Yapılan araştırmaya göre şirketlerin 3’te 1’i DDoS saldırısı yaşarken, şirketlerin hala gelişmiş savunmalara sahip olmadığını aktaran Komtera Teknoloji Kanal Satış Direktörü DDoS saldırıları hakkında en çok dile getirilen ve şirketleri yanlışa sürükleyen 5 efsaneyi açıklıyor.
Hedeflenen internet hizmetini erişilemez hale getiren bir siber saldırı biçimi olan “Dağıtılmış Hizmet Reddi” (DDoS), gelişmiş saldırı türleri ile şirketleri köşeye sıkıştırıyor. Türkiye distribütörlüğünü Komtera Teknoloji’nin yaptığı Radware’in Küresel Uygulama ve Ağ Güvenliği Raporuna göre, katılımcıların yaklaşık 3’te 1’i hizmet reddi (DDoS) saldırısı yaşarken, güvenilir çözümlere de sahip olmadığı görüldü. Rapora istinaden şirketlerin DDoS saldırılarına yeterli düzeyde önem göstermediğine dikkat çeken KomtGürsel Tursun, era Teknoloji Kanal Satış Direktörü Gürsel Tursun’a göre, şirketlerin DDoS saldırıları hakkında sıklıkla düştükleri 5 yanlış bulunuyor.
1. DDoS artık bir sorun değil. Birçok şirket DDoS saldırılarını önemli bir sorun olarak görmüyor, sahip olunan güvenlik çözümlerinin yeterli olduğunu düşüyor. Ancak her yıl daha da gelişmiş saldırıların meydana geldiğini bu siber saldırı türünün ağ katmanlarına yönelik ciddi zararlar verdiği görülüyor.
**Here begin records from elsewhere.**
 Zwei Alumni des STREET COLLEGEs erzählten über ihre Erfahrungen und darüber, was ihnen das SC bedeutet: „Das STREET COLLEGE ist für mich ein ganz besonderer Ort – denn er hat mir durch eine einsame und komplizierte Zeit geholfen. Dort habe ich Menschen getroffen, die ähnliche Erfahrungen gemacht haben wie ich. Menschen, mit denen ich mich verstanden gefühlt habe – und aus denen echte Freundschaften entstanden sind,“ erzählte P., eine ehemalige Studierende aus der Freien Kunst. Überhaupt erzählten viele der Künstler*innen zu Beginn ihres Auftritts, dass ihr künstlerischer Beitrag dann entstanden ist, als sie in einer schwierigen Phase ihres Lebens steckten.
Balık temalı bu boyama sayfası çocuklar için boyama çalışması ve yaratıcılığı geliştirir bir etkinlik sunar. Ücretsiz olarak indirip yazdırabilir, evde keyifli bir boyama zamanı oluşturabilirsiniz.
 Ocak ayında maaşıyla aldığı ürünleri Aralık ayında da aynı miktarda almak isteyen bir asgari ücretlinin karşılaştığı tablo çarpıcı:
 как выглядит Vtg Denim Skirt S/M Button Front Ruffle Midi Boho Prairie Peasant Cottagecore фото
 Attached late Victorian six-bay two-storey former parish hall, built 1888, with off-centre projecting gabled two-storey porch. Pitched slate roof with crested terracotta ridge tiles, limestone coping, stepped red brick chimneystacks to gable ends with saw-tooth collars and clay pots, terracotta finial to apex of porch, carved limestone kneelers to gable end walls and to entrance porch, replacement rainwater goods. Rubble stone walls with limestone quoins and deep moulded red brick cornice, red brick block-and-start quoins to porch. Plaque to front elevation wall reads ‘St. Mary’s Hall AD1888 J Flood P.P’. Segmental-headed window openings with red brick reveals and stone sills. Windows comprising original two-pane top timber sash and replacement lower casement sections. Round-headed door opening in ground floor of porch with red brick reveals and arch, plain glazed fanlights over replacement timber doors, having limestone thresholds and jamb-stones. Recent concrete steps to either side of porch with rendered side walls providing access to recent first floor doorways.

Bu da DDoS saldırılarının niteliği değişirken, hala şirketler için bir endişe kaynağı ve korunmaya karşı yüksek bir öncelik olduğu anlamına geliyor.
2. DDoS fidye saldırıları geçmişte kaldı. Fidye saldırıları yıldan yıla artış gösteriyor ve Kuzey Amerika şirketlerinin %70'inin de yaşadığı bir durum haline gelmiş durumda. Ayrıca son birkaç ayda, iki önemli DDoS fidye saldırı kampanyası da görüldü. Bu durum saldırganların bu saldırı vektöründen vazgeçmedikleri ve şirketlerin bu tür saldırılar için uyanık ve dikkatli olmaları gerektiği anlamını taşıyor.
3. İnternet servis sağlayıcınız sizi koruyabilir. Bağlantı maliyetlerini keskin bir şekilde azaltmak isteyen internet servis sağlayıcıları, katma değerli hizmetler sunmak ve müşteri elde tutmak için DDoS koruma hizmetleri sunuyor. Birçok şirket için internet servisleriyle birlikte düşük maliyetli güvenlik hizmetleri almak çok iyi bir teklif olarak görünüyor. Ancak internet servis sağlayıcınız için yan bir iş olarak görülen bu güvenlik unsuru gerçekten etkili ve sağlam bir koruma sağlayamıyor. Genellikle en düşük maliyetli olan en basit temel korumaları şirketlere sunabilen bu güvenlik unsuru, birçok gelişmiş DDoS saldırısına karşı şirketinizi savunamaz.
4. Bulut hizmeti sağlayıcınız sizi koruyabilir. Şirketler giderek daha fazla bulut altyapısını benimsediğinden, birçok müşteri bulut hizmetleri sağlayıcıları tarafından sunulan yerleşik, ücretsiz DDoS korumalarını tercih ediyor. Ancak genel bulut satıcıları tarafından sunulan güvenlik araçlarının genellikle temel korumayı sağlamalarından kaynaklanan sorunlar ardı ardına oluşuyor. Gelişmiş DDoS saldırılarına karşı yeterince güvenilir çözümler oluşturamayan bu hizmetlere karşı dikkatli davranılması gerekiyor.
5. Tüm DDoS korumaları aynıdır. Giderek daha fazla hizmet online olarak taşınırken, güvenlik algıları da giderek uygulama güvenliği ve veri korumasına yönelik artış gösterip daha az ağ katmanı güvenliğine odaklanmalarına neden oldu. Artık eskisi gibi olmayan ve çok değişkenlik gösteren DDoS saldırılarına karşı tüm çözümlerin aynı sonuçlar verdiğini söylemek anlamsız kaçıyor. Bu yüzden her teknolojiye, ağa ve hizmete yönelik gelişmiş DDoS koruma çözümlerine sahip olmanın gerekliliğini şirketlerin fark öğrenmeleri gerekiyor.